This repository contains the official code for training and converting videos with the face-swapping autoencoders from aforementioned publication. The code provides a light python package, which can be installed in order to import necessary tools such as model and dataset classes. The user should be familiar with at least pytorch lightning, in the optimal case with lightning cli, since the code is structured according to these frameworks. The code also uses wandb for logging.

Setup

The package was developed on a Ubuntu 20.04 machine with an RTX 3090 and CUDA 11.7. I am sure that the package will also run older / newer systems, some of the package versions should be adjusted however. For the installation we create a conda environment and install the necessary dependencies.

conda create --name myenv python=3.7.16
conda activate myenv

Now we clone the repo and install some requirements.

git [email protected]:fraunhoferhhi/hq-deepfakes.git
cd hq_deepfakes
pip install torch==1.13.1+cu117 torchvision==0.14.1+cu117 --extra-index-url https://download.pytorch.org/whl/cu117
pip install -r requirements.txt

Finally, install the package. Make sure you are in the right directory (the one that holds the entire repository).

pip install hq_deepfakes

Note: It is not mandatory to install the codebase as a package even though it is recommended for cleaner use.

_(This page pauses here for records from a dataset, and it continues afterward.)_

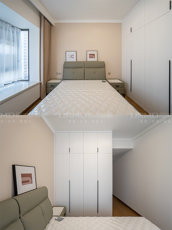 淺色與深色碰撞搭配,全房采用淺色系柜門,深色系家具搭配,增強空間的立體感
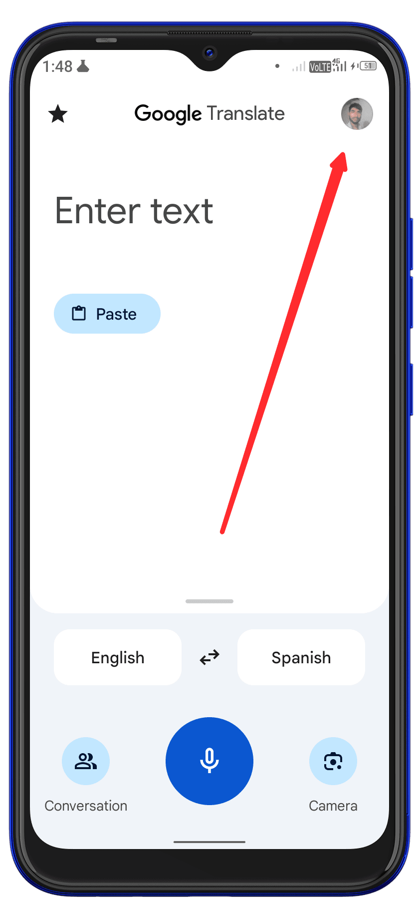 - ट्रांसलेट एप्लीकेशन ओपन होने के बाद इसका पहला होम पेज आपको इस तरह से देखने के लिए मिलेगा जैसा आप यहां ऊपर फोटो में देख रहे हैं यहां पर आने के बाद आपको प्रोफाइल आइकन पर क्लिक करना है।
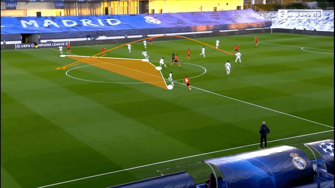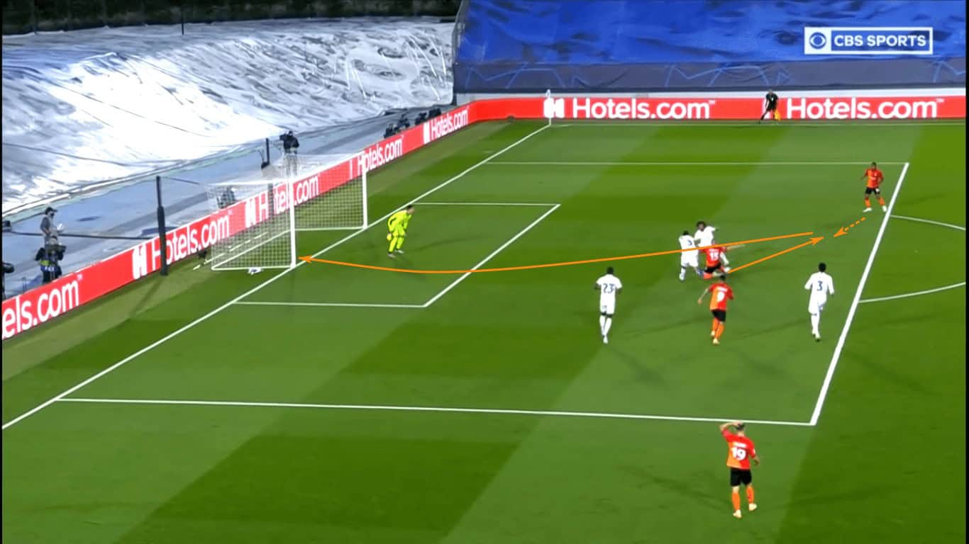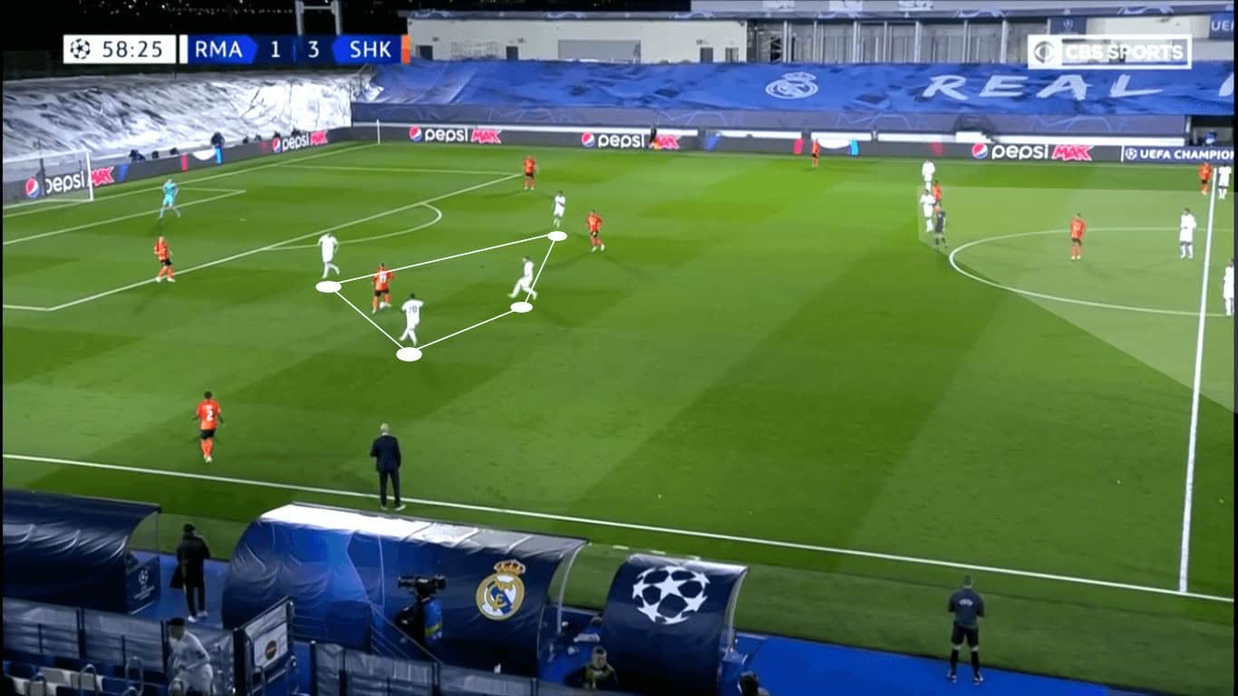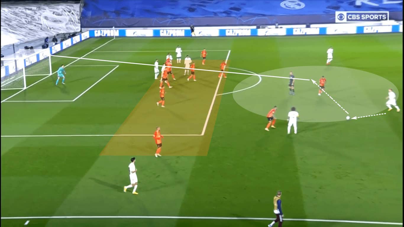 For the majority of the second half, Los Merengues overloaded the middle of the pitch, leaving one player on either wing to provide width. Since Shakhtar was also overloaded in the middle, Real Madrid’s emphasis in central numbers wasn’t to create opportunities through the middle. Rather, it was to set up crosses or play runners into the half spaces, allowing them to make the final pass closer to goal.
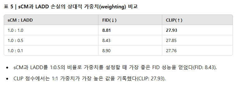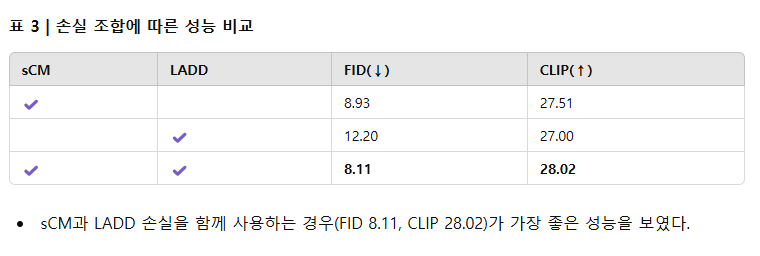 - sCM과 LADD 손실을 함께 사용하는 경우 가장 뛰어난 성능(FID 8.11, CLIP Score 28.02)을 얻어 두 손실의 상호보완적인 효과를 확인하였다.
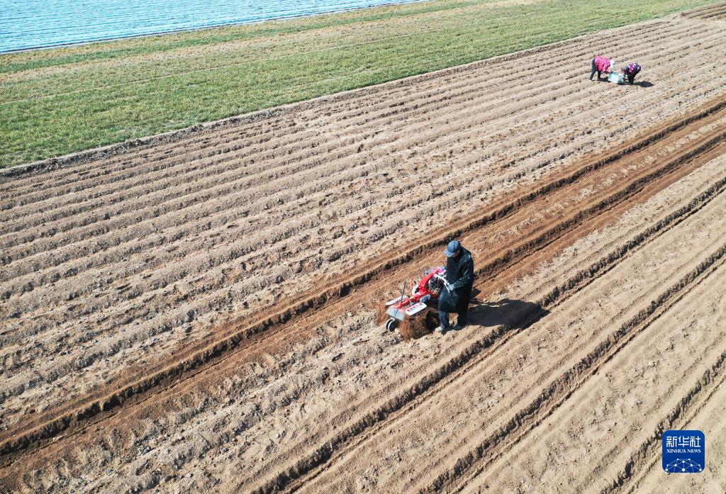 2月21日,山東省棗莊市山亭區桑村鎮農民在田間播種土豆(無(wú)人機照片)。
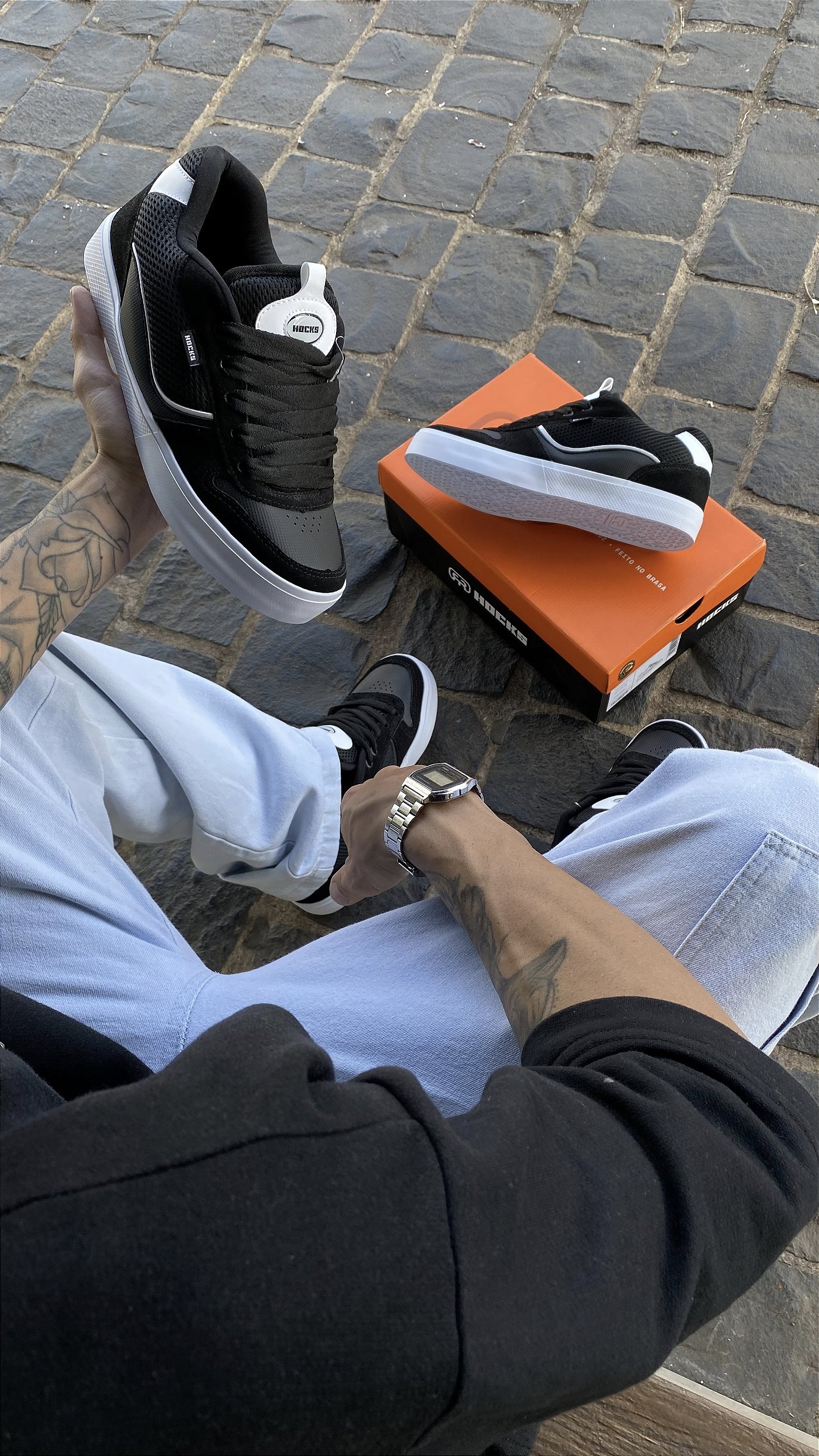 O Puff vem para saciar um desejo dos nossos skatistas pelo resgate das icônicas silhuetas do início dos anos 2000. A inspiração também está no DNA da Hocks, criada no auge dessa época. Apresenta cabedal em suede natural e sintético com mesh dupla frontura 100% poliéster. Possui costuras duplas, novos cadarços fat lace, traseira e lingueta acolchoado, fachete e soleta em borracha natural e palmilha FlexForm* em P.U.
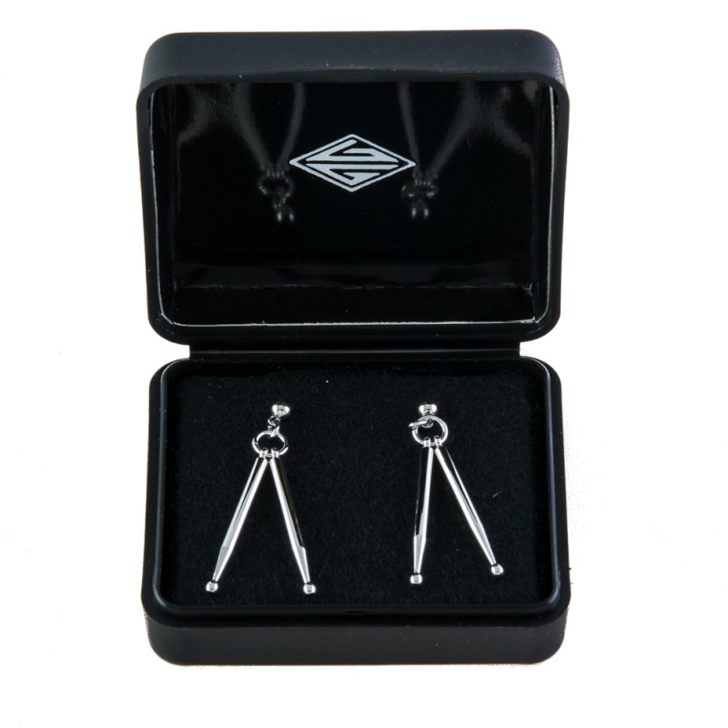 Pendientes plateados con detalle de baquetas. Presentación en estuche.

Verifying your installation

To test if everything went as planned, simply navigate into the tests directory and execute the pytest script.

cd hq_deepfakes/tests/
pytest test_all.py

If all tests go through, your installation is complete. Note: The tests only perform dummy experiments, the models trained and videos generated in that process are not capable of performing a successfull faceswap. Tip: Have a look at test_all.py to get a better understanding of how to use this package to train a model and use it to convert videos.

Data Preparation

To prepare the data, create a directory for each identity you want to work with and place the media displaying those accordingly. To extract the faces from the videos/images and align them use FaceExtractor in preparation/face.py; exemplary usage can be found in test_all.py. After the face extraction is completed, the face datasets (facesets) need to be cleaned of blurry samples and ones that do not show the required face. It is of upmost importance to properly clean the facesets, as they are essential for the conversion quality of the autoencoder. The sorting tool in preparation/sort_faceset.py can be used to help with the cleaning. Note: Use preparation/reset_names.py after each sorting call, to avoid messing up filenames. In the end, you should have directories containing the facesets of source and target persons. On top of that, MaskExtractor in preparation/masks.py sould be used to generate a masks.fsa per directory/person. Note: Save the images in your faceset in 512px resolution.

Training

Note that this repository does not include the code to start the training, as it merely provides the necessary classes or modules. For inspiration on how to structure and setup your training have a look at the tests directory in this repo. To train our autoencoder we mainly use the two lightningmodules contained in training/hq_deepfakes.py.

DeepfakeModule

The model is built in DeepfakeModule, this module also contains the training loop code. The module expects the following arguments:

cfg

The name of the configuration, which is used to intialize the autoencoder model inside of the module. Currently only EB4_RDA is supported, which is the default configuration of the autoencoder in https://dl.acm.org/doi/abs/10.1145/3577163.3595106. To tweak the configuration, have a look at training/model.py and training/utils.py.

lr

The learning rate of the adam optimizer, default 5e-5.

eps

Epsilon parameter of the adam optimizer, default 1e-7.

l2_weight

Weight of l2 loss in the reconstruction term of the total loss.

l1_weight

Weight of l1 loss in the reconstruction term of the total loss.

ffl_weight

Weight of focal frequency loss in the total loss.

stop warping

Should be equal to approx. 50 percent of the amount of training steps. (Warping the input faces for the first half of the training helps to model to perform swaps between the identities).

image_logging_interval

How often to log images of input and output images to wandb.

DeepfakeDatamodule

The data is provided by DeepfakeDatamodule, which takes care of building pytorch datasets and putting them into respective loaders. It can be equipped with the following arguments.

batch_size

Batch size of training. Will be split in half and distributed over two dataloaders (one for each person).

num_workers

Num workers of training, will also be split onto two loaders.

path_a, path_b

Path to the directory that holds the faceset of person A.

input_size

Size in pixels of the stored images, default 512.

model_img_size

Size in pixels of model output, default 256.

coverage_ratio

How many percent of the frame center to crop before resizing, default 0.8.

no_flip

Set true if you want to disable flipping in training, default False.

Conversion

To swap the face of a person in a video, we first need to obtain some information from the respective video. This can be done with conversion/videoprepper.py. It contains a class, VideoPrepper, that extracts landmarks as well as masks from a given video, which will be used later in the conversion process. We separate these parts of the conversion process to avoid re-computing this information everytime we want to convert the same video. Call process_dir if you want to process an entire directory of videos, or process_video to process a single video. Note that only mp4 and avi are supported.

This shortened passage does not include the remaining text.